Il sacramento della Confessione e la remissione dei peccati

In tempo di epidemia

In questa situazione straodinaria ricordiamo ai fedeli la disposizioni della Chiesa in ordine alla preziosità del perdono sacramentale. Ecco il comunicato della Penitenzieria apostolica:

Nella presente emergenza pandemica, spetta pertanto al Vescovo diocesano indicare a sacerdoti e penitenti le prudenti attenzioni da adottare nella celebrazione individuale della riconciliazione sacramentale, quali la celebrazione in luogo areato esterno al confessionale, l’adozione di una distanza conveniente, il ricorso a mascherine protettive, ferma restando l’assoluta attenzione alla salvaguardia del sigillo sacramentale ed alla necessaria discrezione.

Laddove i singoli fedeli si trovassero nella dolorosa impossibilità di ricevere l’assoluzione sacramentale, si ricorda che la contrizione perfetta, proveniente dall’amore di Dio amato sopra ogni cosa, espressa da una sincera richiesta di perdono (quella che al momento il penitente è in grado di esprimere) e accompagnata dal votum confessionis, vale a dire dalla ferma risoluzione di ricorrere, appena possibile, alla confessione sacramentale, ottiene il perdono dei peccati, anche mortali (cf. CCC, n. 1452).

Mai come in questo tempo la Chiesa sperimenta la forza della comunione dei santi, innalza al suo Signore Crocifisso e Risorto voti e preghiere, in particolare il Sacrificio della Santa Messa, quotidianamente celebrato, anche senza popolo, dai sacerdoti.
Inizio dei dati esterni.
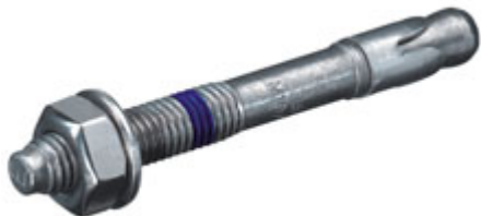
Goujons HSA, HST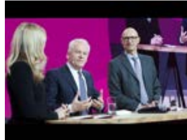
Telekom CEO Tim Höttges

Come buona madre, la Chiesa implora il Signore perché l’umanità sia liberata da un tale flagello, invocando l’intercessione della Beata Vergine Maria, Madre di Misericordia e Salute degli infermi, e del suo Sposo San Giuseppe, sotto il cui patrocinio la Chiesa da sempre cammina nel mondo.

Ci ottengano Maria Santissima e San Giuseppe abbondanti grazie di riconciliazione e di salvezza, in attento ascolto della Parola del Signore, che ripete oggi all’umanità: «Fermatevi e sappiate che io sono Dio» (Sal 46,11), «Io sono con voi tutti i giorni» (Mt 28,20).

Dato in Roma, dalla sede della Penitenzieria Apostolica, il 19 marzo 2020,
Solennità di San Giuseppe, Sposo della B.V. Maria, Patrono della Chiesa Universale.